The recent killing of a protected common kestrel—filmed, documented, and widely shared—was not just another wildlife crime. It was something far more disturbing. A bird, already illegally trapped, was then deliberately and repeatedly crushed beneath the person’s foot. It was not hidden. Not accidental. Not ambiguous. It was brutal, visible, undeniable.
And yet, the real question is this: Will justice also be crushed—this time under legal hesitation?
At first glance, the case appears straightforward. The illegal trapping and killing of a protected species are a clear breach of the Conservation of Wild Birds Regulations. That alone should trigger prosecution.
But stopping there would be a mistake. Because what happened in that field was not just a crime against biodiversity—it was a crime against a living animal. And that distinction matters.

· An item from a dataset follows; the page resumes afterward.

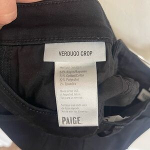 These are black skinny jeans from Paige, featuring a classic five-pocket design. They are made from a soft, stretchy fabric for a comfortable fit. Verdugo Crop, Size 28, Like new condition.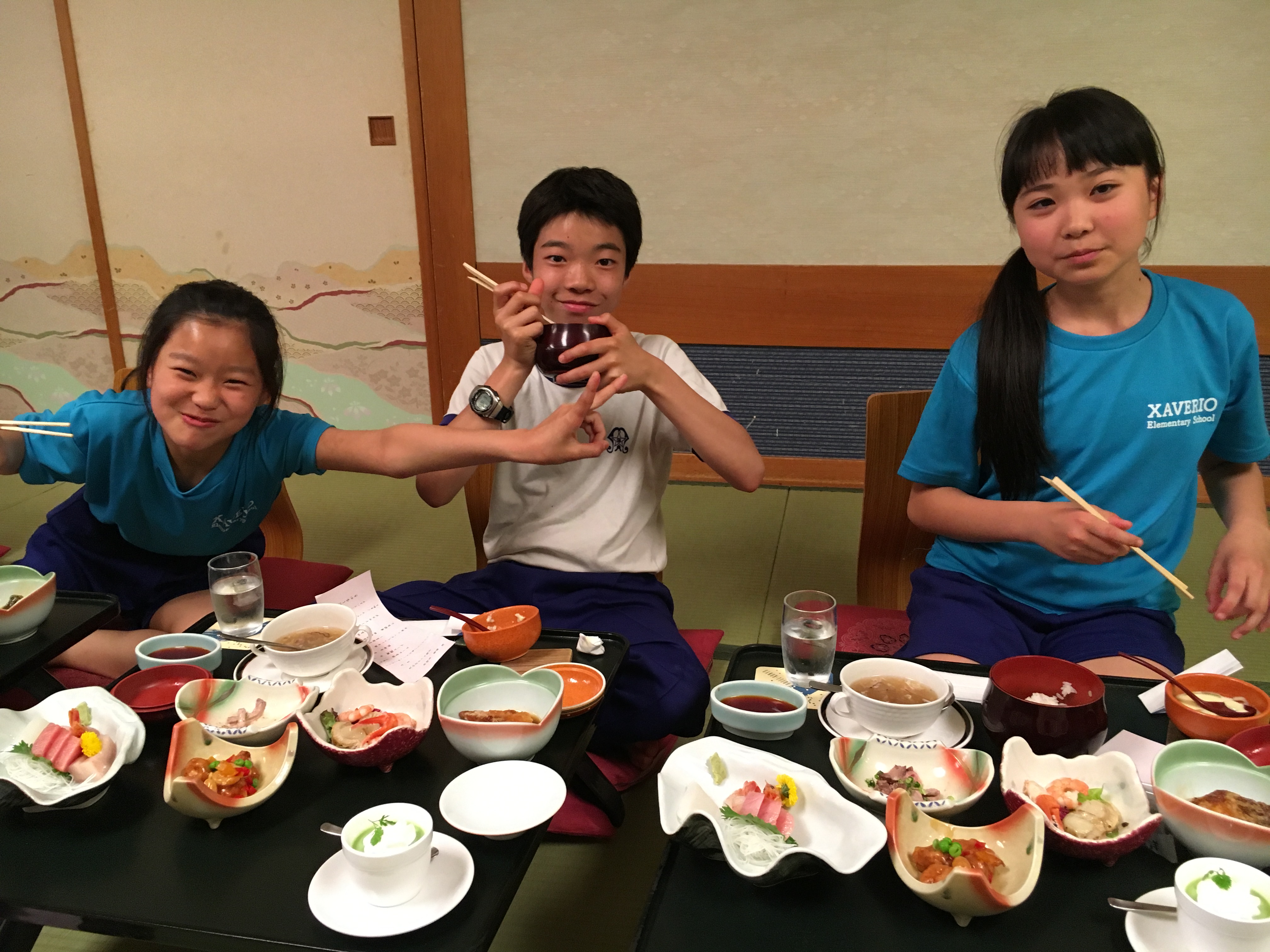 新鮮なお刺身に、茶碗蒸し、ふかひれスープ、目の前のご馳走に自然と笑みがこぼれます。

Malta’s Animal Welfare Act is often misunderstood in this context. It does not “approve” hunting or trapping. It does not give blanket permission for cruelty. What it does is far more precise. It provides an exemption—but only when such activities are carried out legally and within the framework of other regulations. And that condition is everything.
This was not one offence. It was two. One law protects species. The other protects the individual animal. One addresses conservation. The other addresses cruelty. They are not duplicates. They are complementary—and they exist precisely for cases like this
The moment an activity falls outside the law—as in this case—the exemption disappears. It collapses entirely. What remains is the full force of the law: A prohibition against unnecessary suffering. And there is no credible argument that repeatedly trampling a bird to death does not constitute unnecessary suffering. Even within the strictest and most controversial interpretations of lawful hunting, such a method would be indefensible.

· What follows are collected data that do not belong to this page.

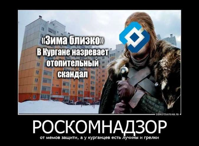 Власти Кургана пожаловались в Роскомнадзор на мем, где сити-менеджер Андрей Потапов изображен в образе героя сериала «Игра престолов» Эддарда Старка. Возмущение администрации вызвал материал ИА «Уральский меридиан» — «Зима близко. В Кургане назревает отопительный скандал».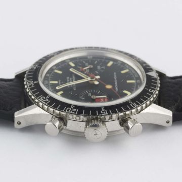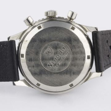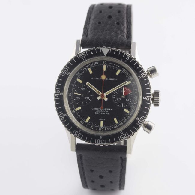 A GENTLEMAN'S STAINLESS STEEL NIVADA GRENCHEN CHRONOMASTER AVIATOR SEA DIVER CHRONOGRAPH WRIST WATCH CIRCA 1960s, REF. 85004Movement: 17J, manual wind, Valjoux cal. 23, signed Nivada.Case: Diameter approx. 39mm, screw back, signed Nivada Grenchen, numbered, MH rotating bezel, Nivada crown.Strap: Perforated leather.    CONDITION REPORTDial: Original dial in very good condition, showing some small signs of age. Movement: Working at present. Case: In very good condition, with light scratches due to general use. Strap/Bracelet: In excellent condition.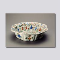 首都博物馆藏。窝角八棱形,宽板沿,浅腹,砂底。口沿部绘“王羲之爱鹅”与“林和靖爱鹤”图案,间隔排列。内壁及盆内底均绘“王羲之爱鹅”故事图案,共有13组。外壁绘花托八宝纹,通体以红、绿、黄、紫、褐诸彩,彩色艳丽,构图饱满。外底书青花双圈“大明万历年制”六字双行楷书款。布局繁密是万历时期瓷器的特征。

So we are left with a clear legal reality: This was not one offence. It was two. One law protects species. The other protects the individual animal. One addresses conservation. The other addresses cruelty. They are not duplicates. They are complementary—and they exist precisely for cases like this.
Failing to apply both does more than weaken enforcement. It sends a message. It says that once a wildlife crime is established, the manner of suffering becomes secondary. It suggests that cruelty is somehow absorbed into illegality, rather than standing on its own. And that is not what the law intends.

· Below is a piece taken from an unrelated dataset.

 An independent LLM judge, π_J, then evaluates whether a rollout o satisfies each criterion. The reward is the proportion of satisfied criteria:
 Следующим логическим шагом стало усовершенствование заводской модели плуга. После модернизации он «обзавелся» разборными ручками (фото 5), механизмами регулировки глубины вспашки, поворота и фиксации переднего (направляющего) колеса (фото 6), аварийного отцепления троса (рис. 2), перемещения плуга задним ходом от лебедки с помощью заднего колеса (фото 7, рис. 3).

The law is sharper than that. More deliberate. More capable. And yet, while political voices have largely remained silent—whether out of caution, convenience, or indifference—the responsibility does not end there. It now rests squarely with the Malta Police Force and the prosecuting authorities. They are not tasked with reading the room, nor with measuring public or political appetite. Their duty is to apply the law in full—without hesitation, without dilution, and without selective restraint. Where two laws have been broken, two laws must be enforced. Anything less risks turning clear legal principles into optional ones.
This case is not just about one kestrel. It is about whether the institutions entrusted with upholding the law are willing to use it to its full extent—even when others choose to look away. Because justice is not only about recognising wrongdoing. It is about having the resolve to act on it—completely.